Hal ini disebabkan karena beras pecah kulit memiliki kecukupan nutrisi untuk serangga tersebut
tumbuh dan berkembang biak.
2.2. PENGENDALIAN SERANGGA HAMA GUDANG
Pengendalian serangga hama gudang pada hakekatnya adalah pengendalian populasi. Hal
ini disebabkan dalam pengendalian hama telah terjadi pergeseran falsafah dasar yaitu dari usaha
untuk membasmi hama sampai habis menjadi usaha untuk menekan populasi sampai di bawah
ambang ekonomi. Suatu tindakan pemberantasan hanya dilakukan jika tingkat kerugian secara
potensial jauh lebih besar bila dibandingkan dengan biaya pengendalian.

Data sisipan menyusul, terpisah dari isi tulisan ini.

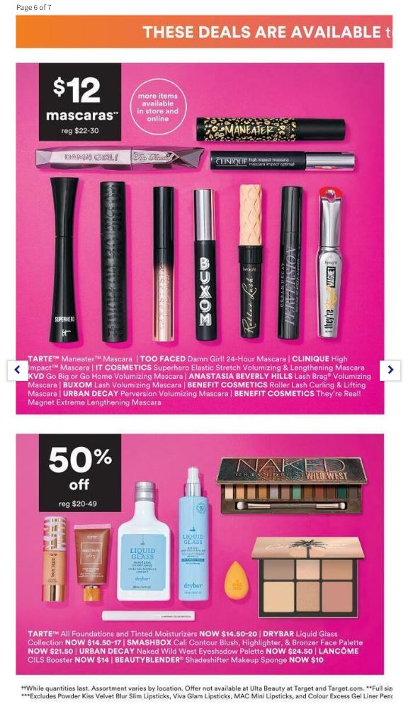 Categories on sale: Select mascaras for $10, BOGO on sheet masks, and discounted holiday sets (40 to 50% off)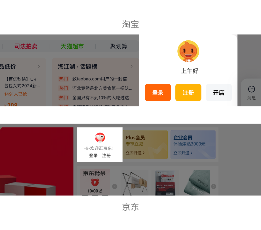 第3点:淘宝的登录按钮很显眼;京东的登录模块太小了,不好找。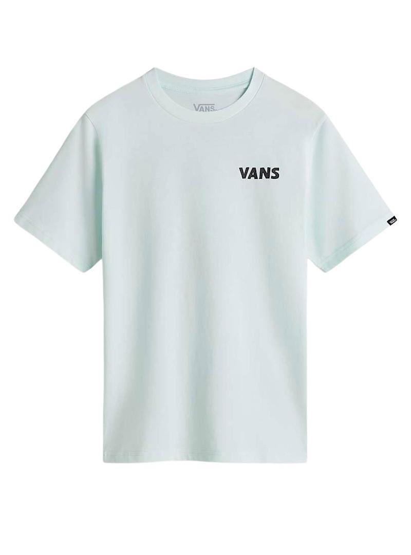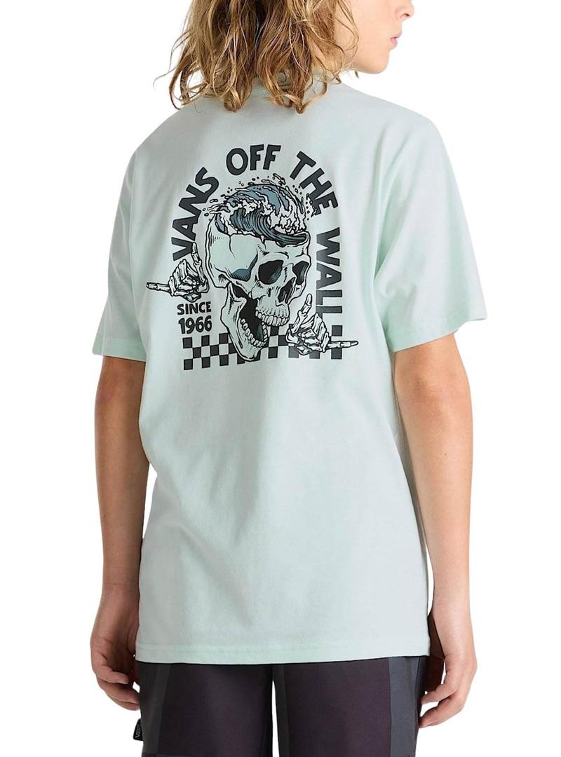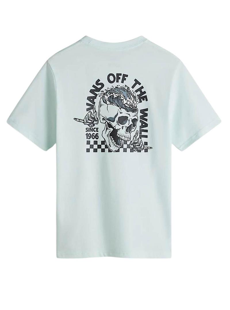 Camiseta Vans. Modelo Headwaves. Cor azul turquesa. Marca estampada no peito. Ilustração estampada nas costas.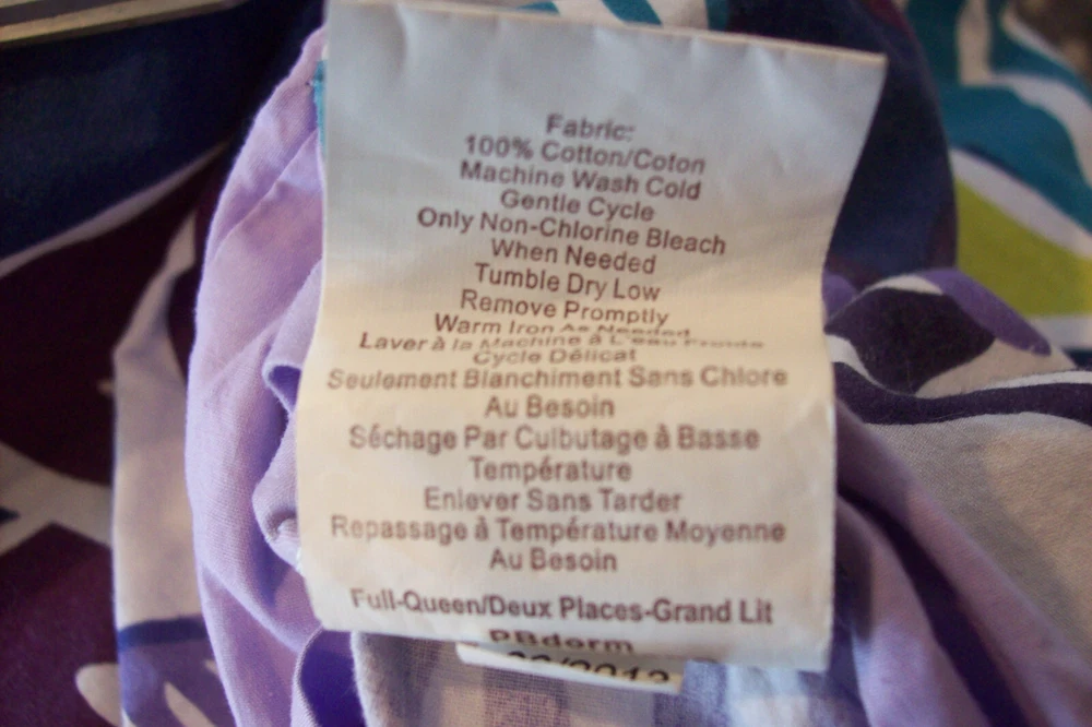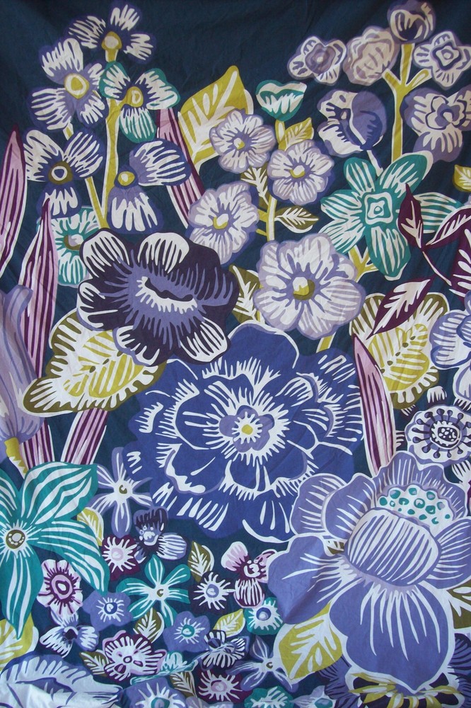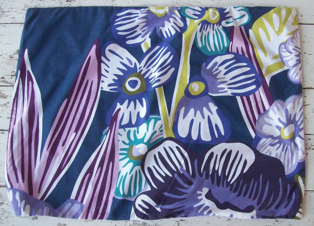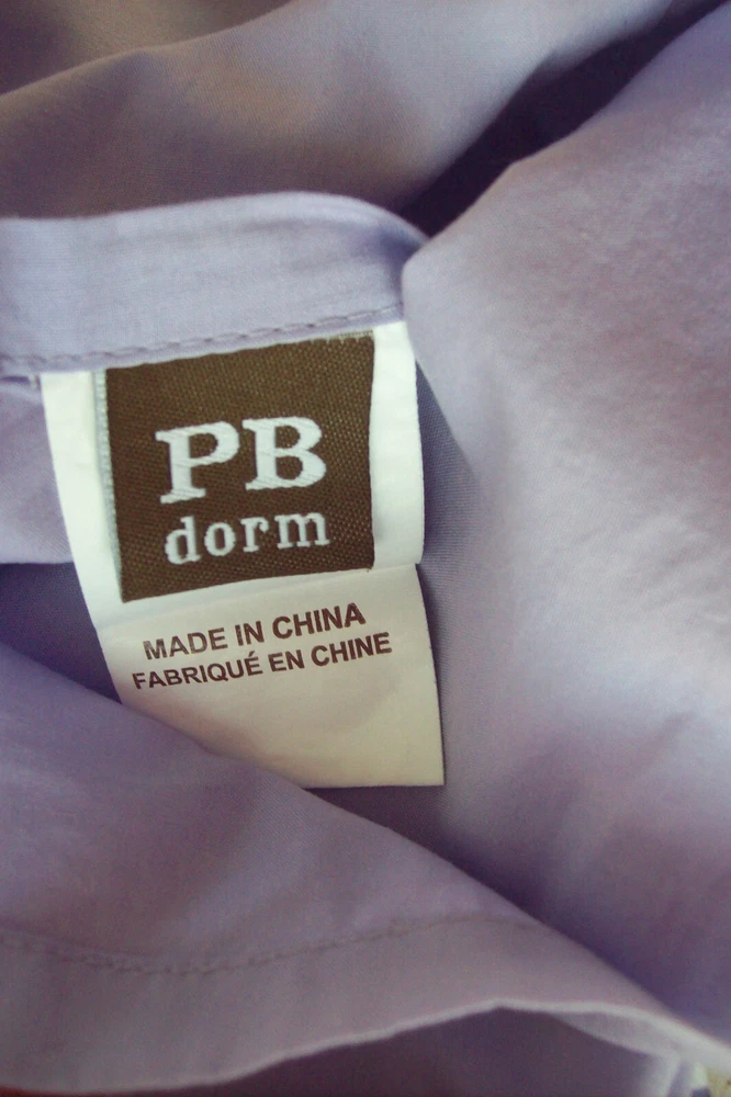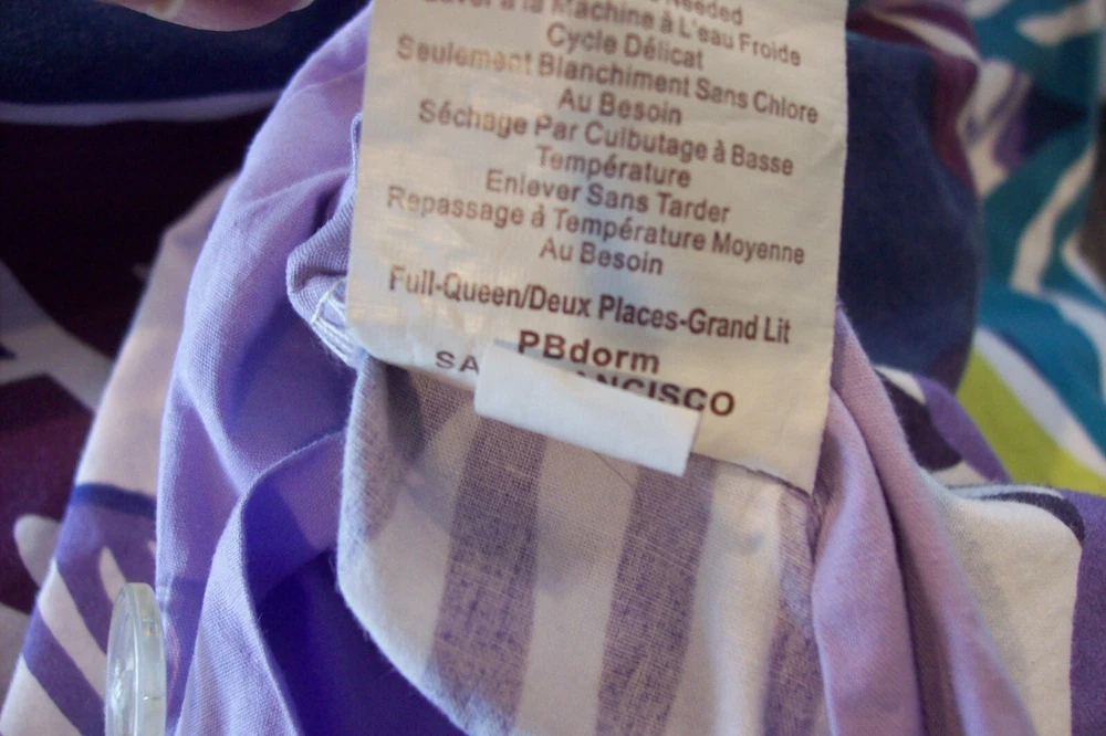 BRAND: Pottery Barn Dorm ITEM: 3-piece bedding set - duvet cover and 2 matching pillow shams PATTERN: Tropical floral reverses to solid color COLORS: Green, white and purple on navy blue background in front; solid lavender on reverse FABRIC: 100% cotton SIZE: Duvet cover = Full/Queen (86 inches X 86 inches; Shams = Standard (30 inches X 27 inches) CONDITION: Very good, pre-owned; no flaws to note

Menurut Shejbal dan Boislambert (1998), cara yang bisa diterapkan yaitu cara fisika, cara
biologi dan cara kimia. Cara fisika dapat dilakukan antara lain dengan suhu tinggi, suhu rendah,
atmosfer terkendali dan gelombang mikro. Pengendalian cara biologi dilakukan antara lain
menggunakan parasit hama atau pengembangan varietas bahan pangan yang resisten terhadap
serangan hama pasca panen melalui upaya pemuliaan. Selain itu, ada cara pengendalian lain yang
diterapkan yaitu dengan cara eksklusi, cara sanitasi, dan cara penggunaan bahan kimia.
Pengendalian dengan cara eksklusi yaitu dengan mencegah jalan masuk hama ke dalam bangunan.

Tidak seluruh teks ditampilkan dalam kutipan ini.